Python之（scrapy）爬虫

　　一、Scrapy是Python开发的一个快速、高层次的屏幕抓取和web抓取框架，用于抓取web站点并从页面中提取结构化的数据。Scrapy用途广泛，可以用于数据挖掘、监测和自动化测试。

　　　　Scrapy吸引人的地方在于它是一个框架，任何人都可以根据需求方便的修改。它也提供了多种类型爬虫的基类，如BaseSpider、sitemap爬虫等，最新版本又提供了web2.0爬虫的支持。

　　　　Scrapy是一个为爬取网站数据、提取结构性数据而设计的应用程序框架，它可以应用在广泛领域：Scrapy 常应用在包括数据挖掘，信息处理或存储历史数据等一系列的程序中。通常我们可以很简单的通过 Scrapy 框架实现一个爬虫，抓取指定网站的内容或图片。

　　　二、结构图

　　Scrapy Engine(引擎)：负责Spider、ItemPipeline、Downloader、Scheduler中间的通讯，信号、数据传递等。

　　Scheduler(调度器)：它负责接受引擎发送过来的Request请求，并按照一定的方式进行整理排列，入队，当引擎需要时，交还给引擎。
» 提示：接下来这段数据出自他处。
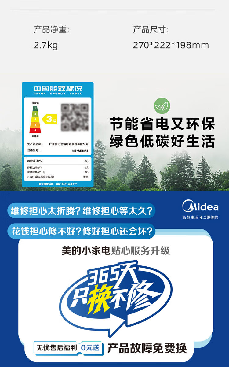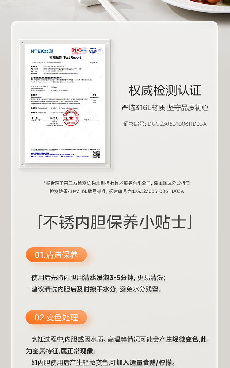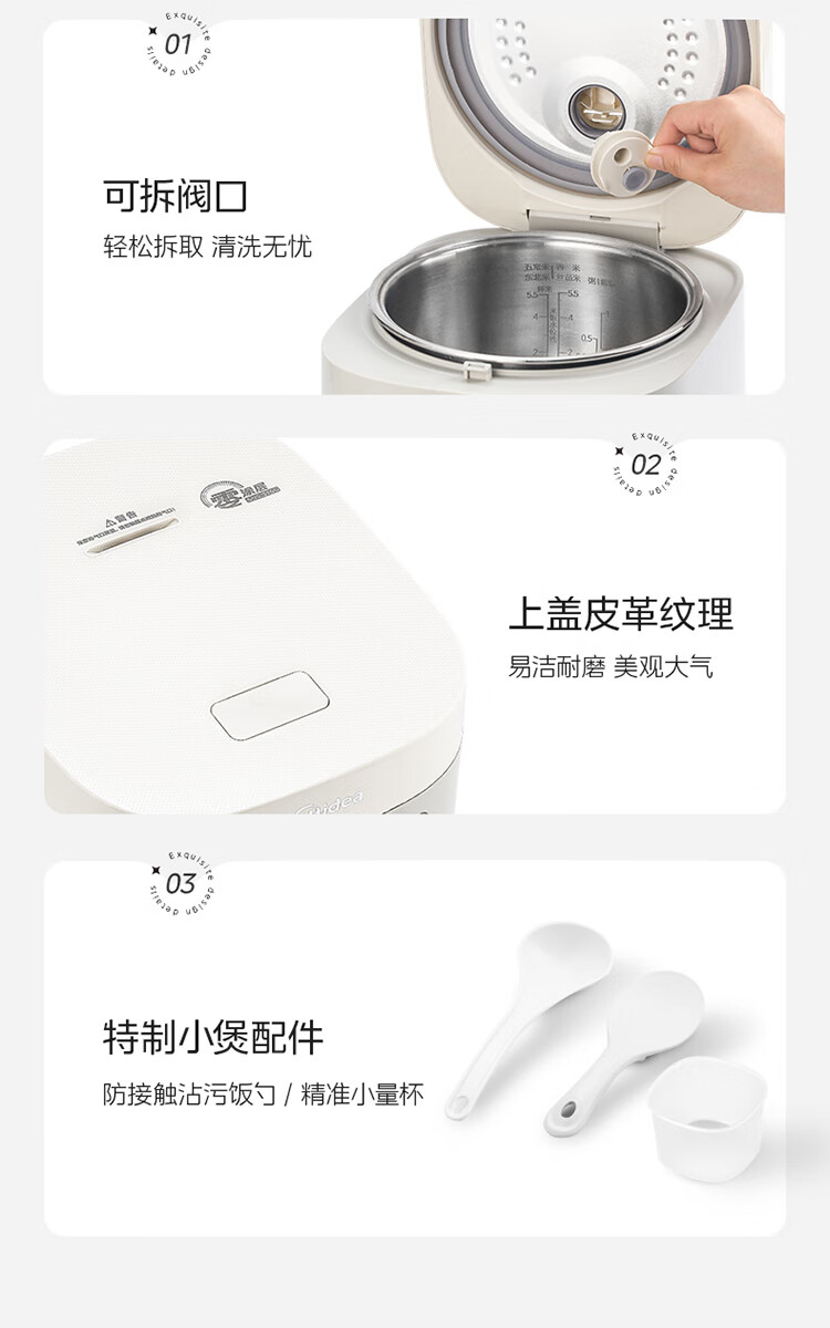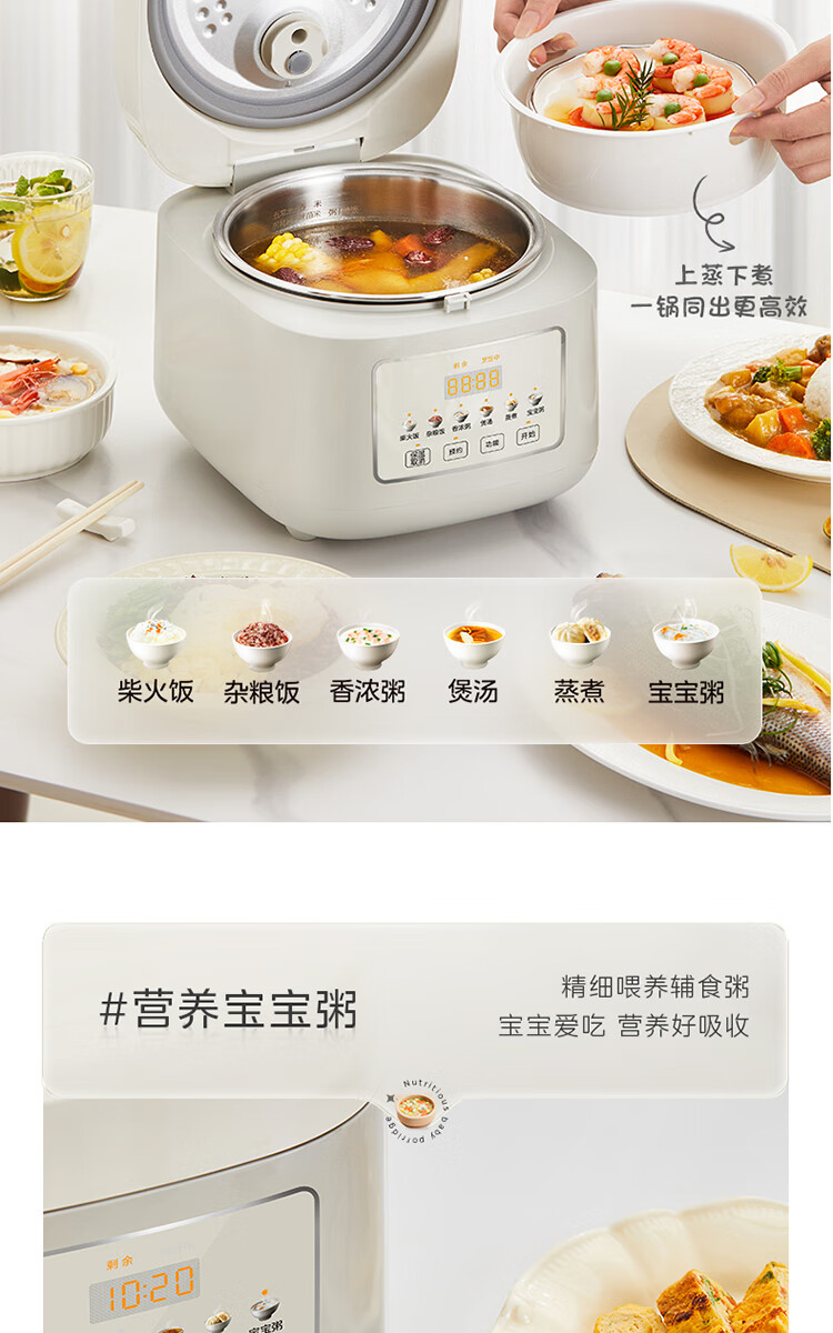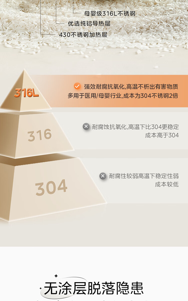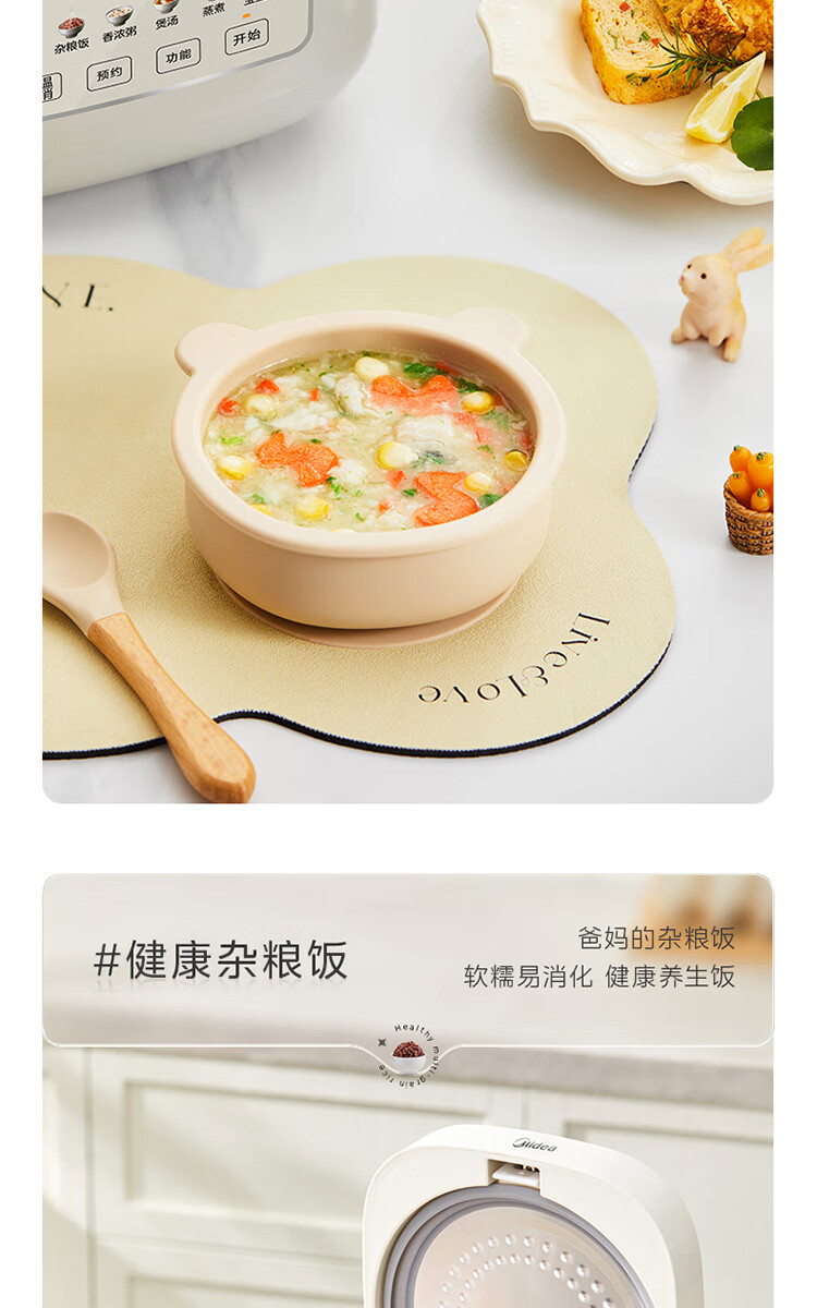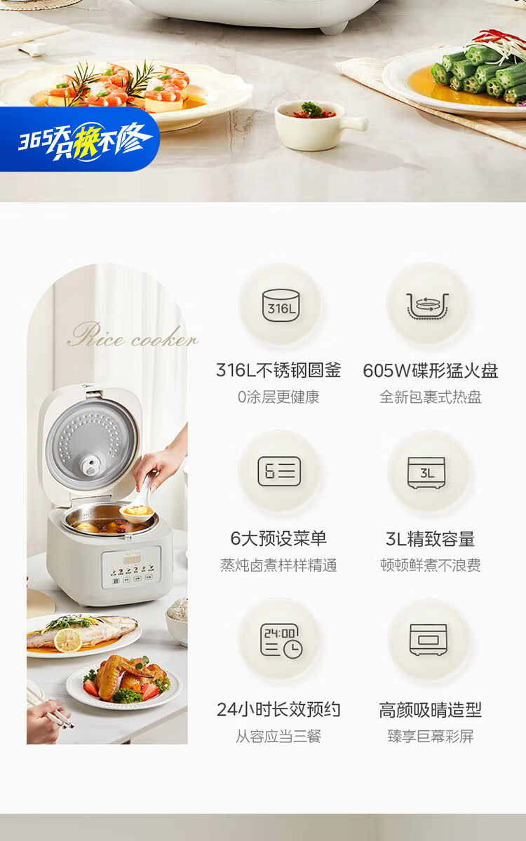 美的(Midea)电饭煲 3L家用电饭锅 316L不锈钢内胆无涂层煮饭锅 2-3人多功能0涂层煲汤煮粥锅米饭锅MB-RE387S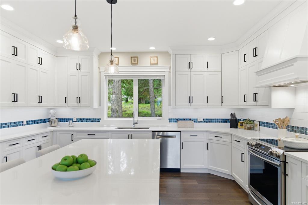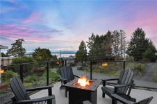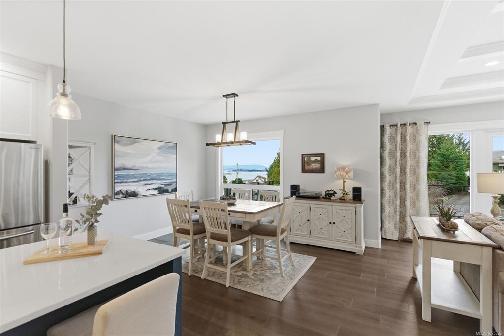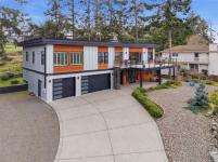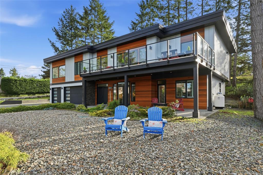 Stunning Oceanview Contemporary Home! Exceptional 5 Bed/4 Bath Modern West Coast Home on low-maintenance .29-acre lot, featuring breathtaking views of several islands, Georgia Strait, and mainland mountains. All main living areas are on one level, and there's a lower-level Guest Suite with a Kitchenette and Laundry—ideal for an Airbnb, multi-generational living, guest quarters, or home business. Features incl OS windows, large deck and patio, 3 ensuited Bedrms, 3-Car Garage, and RV prkg. OH foyer with stairs up to open-plan Kitchen/Living/Dining Room. Living Room offers a coffered ceiling, gas FP, and doors to oceanview deck. Chef’s Kitchen has large island and WI pantry. Also on the main level: Primary Suite with WI closet and 5-pc ensuite, 2 Bedrms, 3-pc Bath, and Laundry. Lower Guest Suite features Living Room, Kitchenette, laundry, and two Bedrms. Short stroll to ocean, mins from golf, waterfront village, and trails. 20-mins to Parksville and Nanaimo. Visit our website for more.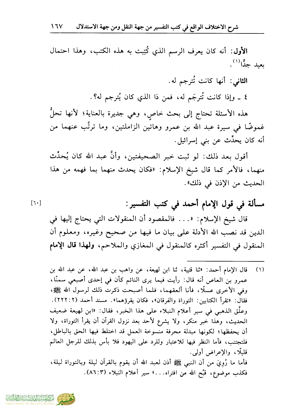 هذه الأسئلة تحتاج إلى بحث خاصٍ، وهي جديرة بالعناية؛ لأنها تحلُّ غموضًا في سيرة عبد الله بن عمرو وهاتين الزاملتين، وما ترتَّب عنهما من أنه كان يحدِّث عن بني إسرائيل.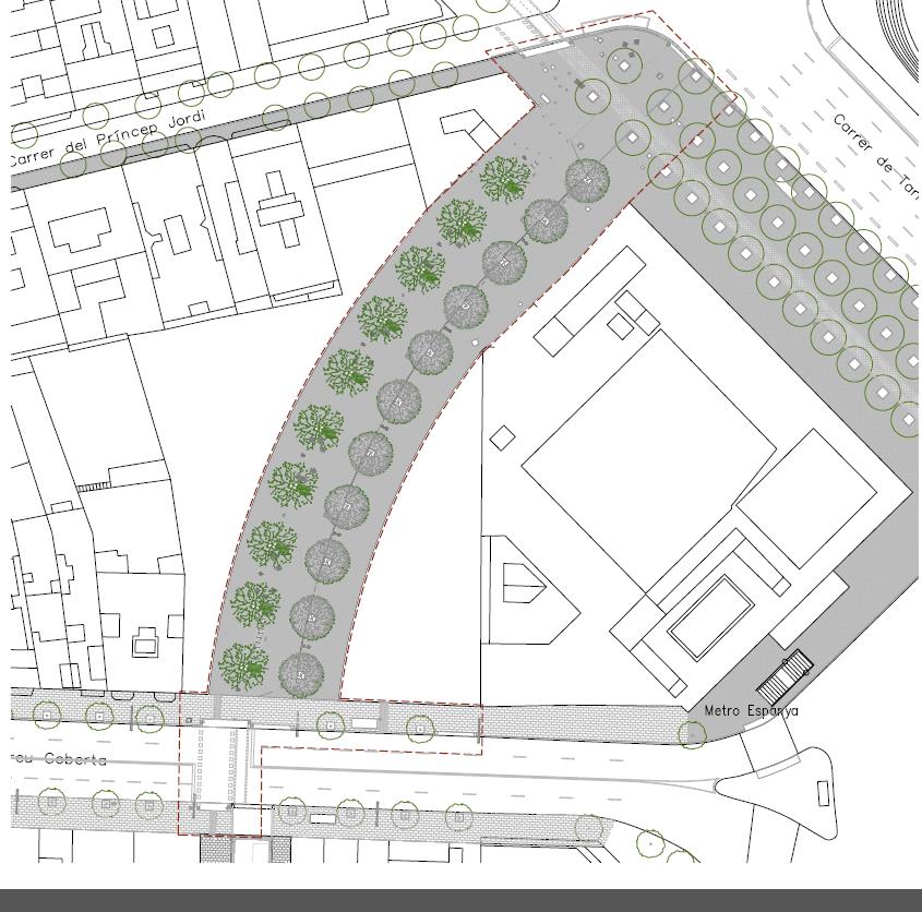 Pel que fa a arbrat, a la vorera est es plantaran acàcies del Japó, i a la plataforma, mèlies. A la vorera del carrer de Tarragona també es disposarà nou arbrat en continuïtat amb el ja existent, format per acàcies roses. A més, s’instal•larà nou enllumenat que coincidirà amb les alineacions de l’arbrat. I es col•locarà nou mobiliari urbà, com ara cadires, bancs, papereres, pilones i aparcaments de bicicletes.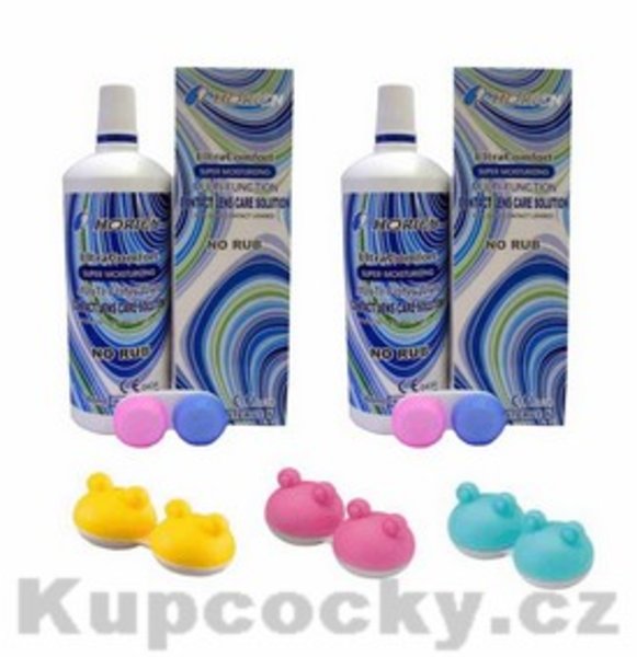 Horien 2x360 ml - universální roztok na kontaktní čočky. Při používání roztoku Horien není potřeba kontaktní čočky mnout, pouhé opláchnutí a namočení udrží čočky čisté. Horien UltraComfort Super Moisturizing Multi-Purpose Solution efektivně eliminuje více jak 99,9% bakterií a mikroorganismů. Odstraněním nánosů proteinů díky Horienu, udržíte čočky čisté jako při prvním použití. Speciální složení zaručí čočkám celodenní vlhkost a lubrikaci. PH 7,4 blízké lidským slzám slibuje celkový komfort nošení kontaktních čoček s péčí roztoku Horien.
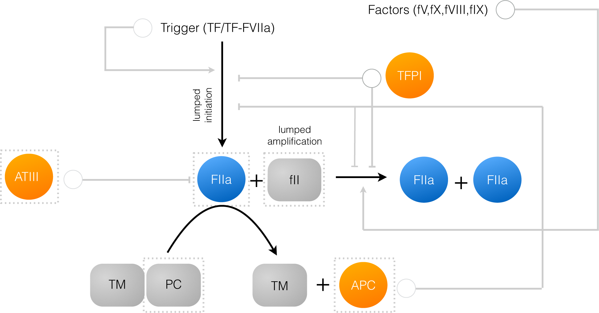 Schematic of the connectivity of the reduced order coagulation model. A trigger compound, e.g., TF/FVIIa initiates thrombin production (FIIa) from prothrombin (fII). Once activated, thrombin catalyzes its own activation (amplification step), as well as its own inhibition via the conversion of protein C to activated protein C (APC). APC and tissue factor pathway inhibitor (TFPI) inhibit initiation and amplification, while antithrombin III (ATIII) directly inhibits thrombin. All inhibition steps and trigger-induced initiation were modeled using a rule-based approach. Likewise, the dependence of amplification on other coagulation factors was also modeled using a rule-based approach. The abundance of the highlighted species (in the dashed boxes) was governed by an ordinary differential equation. All other species were assumed to be constant.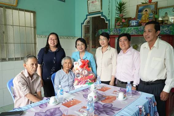 Đoàn lãnh đạo TP. Hồ Chí Minh đến thăm hỏi và trao quà đến bà Khưu Thị Em ở thị trấn Châu Thành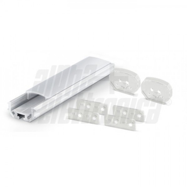 Il profilo illustrato è un componente. Il suo corretto funzionamento con nastri led o moduli led dipende da importanti requisiti di installazione e dimensionamento. La potenza dissipabile è stata calcolata considerando una temperatura ambiente non superiore a 35°C in aria. Condizioni di installazione differenti devono essere opportunamente verificate da personale tecnico. Utilizzare la copertura solo con nastri led IP20.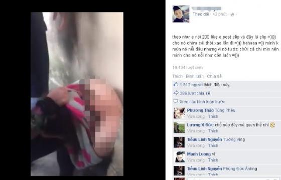 Theo đó, đoạn clip được đăng tải kèm theo dòng status:“Theo như em nói, 200 like em post clip và đây là clip =)))) cho nó chừa cái thói xạo*** đi =))) haaaa =)) mình không mún nó nổi đâu nhưng vì nó tước chửi cả chị mìn nên mình cho nó nổi như cồn luôn =)))”.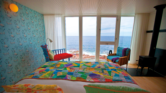 C’est sur l’ïle rocheuse de Fogo, que les photos de ce mariage inusité ont été prises. L’effet de la courtepointe dans une chambre à l’architecture épurée est particulière.  J’en ai profité pour vous glisser quelques photos de ce bâtiment étonnant, un hôtel magnifique en fait, perdu au large de Terre-Neuve… Pas surprenant que la courtepointe y soit encore au goût du jour dans un climat semblable, n’empêche! pour moi, la courtepointe évoquera toujours le souvenir de ma grand-mère Irène et de ses magnifiques réalisations…que plus personne dans la famille ne peut créer en 2013!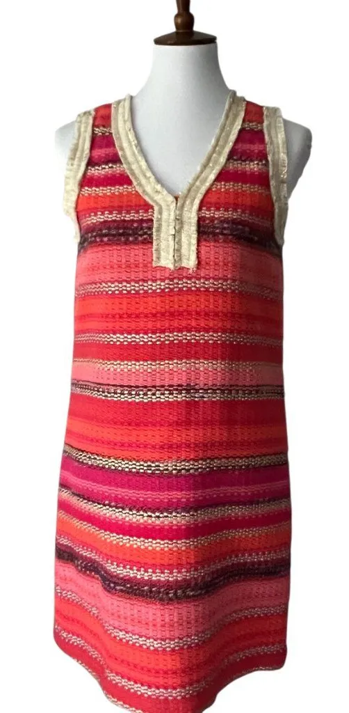 Vilagallo Vibrant Classic Tweed Dress Made in Europe - Portugal Vibrant red, orange, ivory and gold stripe pattern & an ivory and gold fringe trim neckline. Very retro Classic 60s runway style. European Size 40 - US small -Please see photos for approximate measurements. New with Tag - (tag ripped- shows wear) Tag: Luxury Designer Runway Old money vibrant winter Spring colorful sparkle quiet luxury business party Designer Unique Fun Rare Europe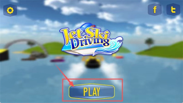 进入游戏启动界面后,找到那个带有红色边框、旁边还有箭头指示的蓝色“PLAY”按钮,点击它就能开启水上摩托游戏了。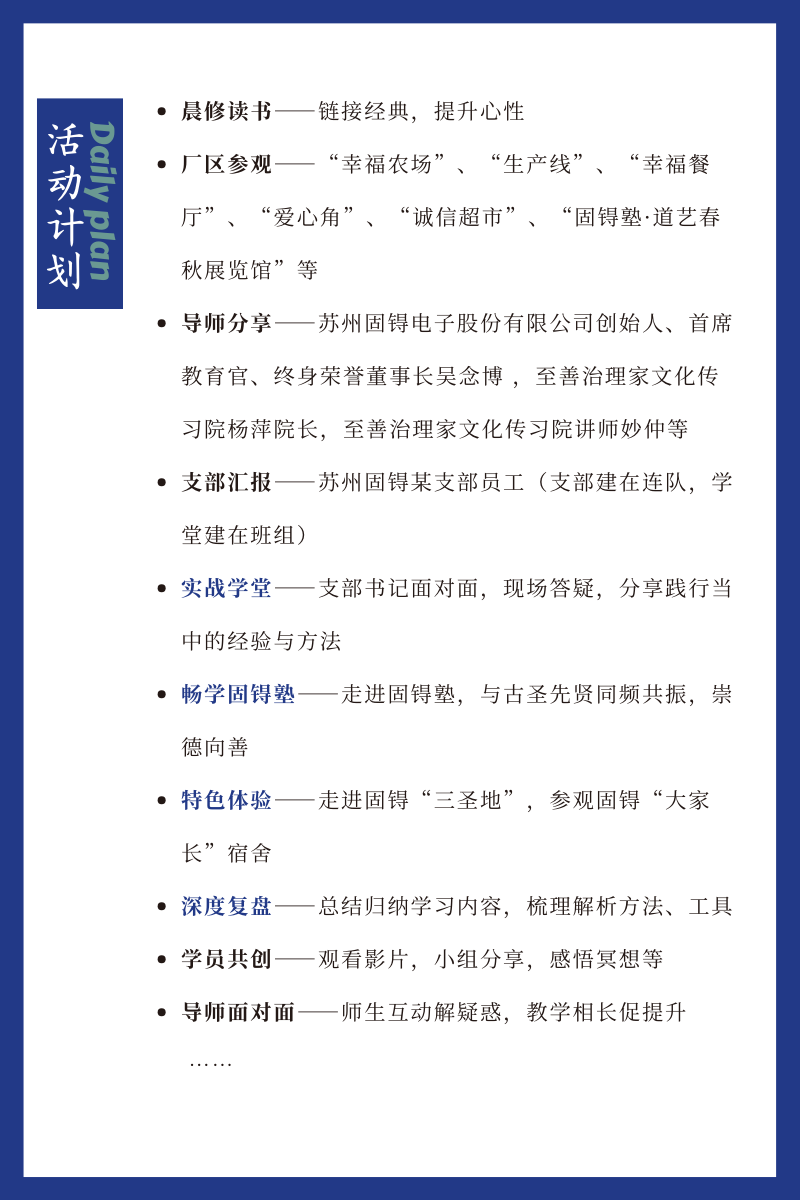 展望2024 四大升级- 两日研学 -升级一- 实战学堂 -邀请固锝优秀的“家文化”支部书记代表、至善治理改善“作战室”一线人员分享剖析“八大模块”落地心法与工具,助力学长夯实方法论、工具论,结合企业自身实际情况,发现问题、分析问题、解决问题。

　　Downloader（下载器）：负责下载Scrapy Engine(引擎)发送的所有Requests请求，并将其获取到的Responses交还给Scrapy Engine(引擎)，由引擎交给Spider来处理。

　　Spider（爬虫）：它负责处理所有Responses,从中分析提取数据，获取Item字段需要的数据，并将需要跟进的URL提交给引擎，再次进入Scheduler(调度器)。

　　Item Pipeline(管道)：它负责处理Spider中获取到的Item，并进行进行后期处理（详细分析、过滤、存储等）的地方。

　　Downloader Middlewares（下载中间件）：一个可以自定义扩展下载功能的组件。

　　Spider Middlewares（Spider中间件）：一个可以自定扩展和操作引擎和Spider中间通信的功能组件。

　　三、框架介绍（入门）：

　　常用命令：

　　1）新建项目　

scrapy startproject <project_name>

　　2）爬虫爬取

scrapy crawl <spider_name>

　　3）生成爬虫文件

scrapy genspider [-t template] <name> <domain>

　　目录结构：

　　这里重点介绍文件的意义：

　　1）scrapy.cfg（主要用来指定配置和名称等）

# Automatically created by: scrapy startproject

#

# For more information about the [deploy] section see:

# https://scrapyd.readthedocs.io/en/latest/deploy.html

[settings]

default = scrapy_demo.settings

[deploy]

#url = http://localhost:6800/

project = scrapy_demo

　　2）settings.py

# -*- coding: utf-8 -*-

# Scrapy settings for scrapy_demo project

#

# For simplicity, this file contains only settings considered important or

# commonly used. You can find more settings consulting the documentation:

#

#     https://doc.scrapy.org/en/latest/topics/settings.html

#     https://doc.scrapy.org/en/latest/topics/downloader-middleware.html

#     https://doc.scrapy.org/en/latest/topics/spider-middleware.html

BOT_NAME = 'scrapy_demo'

SPIDER_MODULES = ['scrapy_demo.spiders']

NEWSPIDER_MODULE = 'scrapy_demo.spiders'

# Crawl responsibly by identifying yourself (and your website) on the user-agent

#USER_AGENT = 'scrapy_demo (+http://www.yourdomain.com)'

# Obey robots.txt rules

ROBOTSTXT_OBEY = True

# Configure maximum concurrent requests performed by Scrapy (default: 16)

#CONCURRENT_REQUESTS = 32

# Configure a delay for requests for the same website (default: 0)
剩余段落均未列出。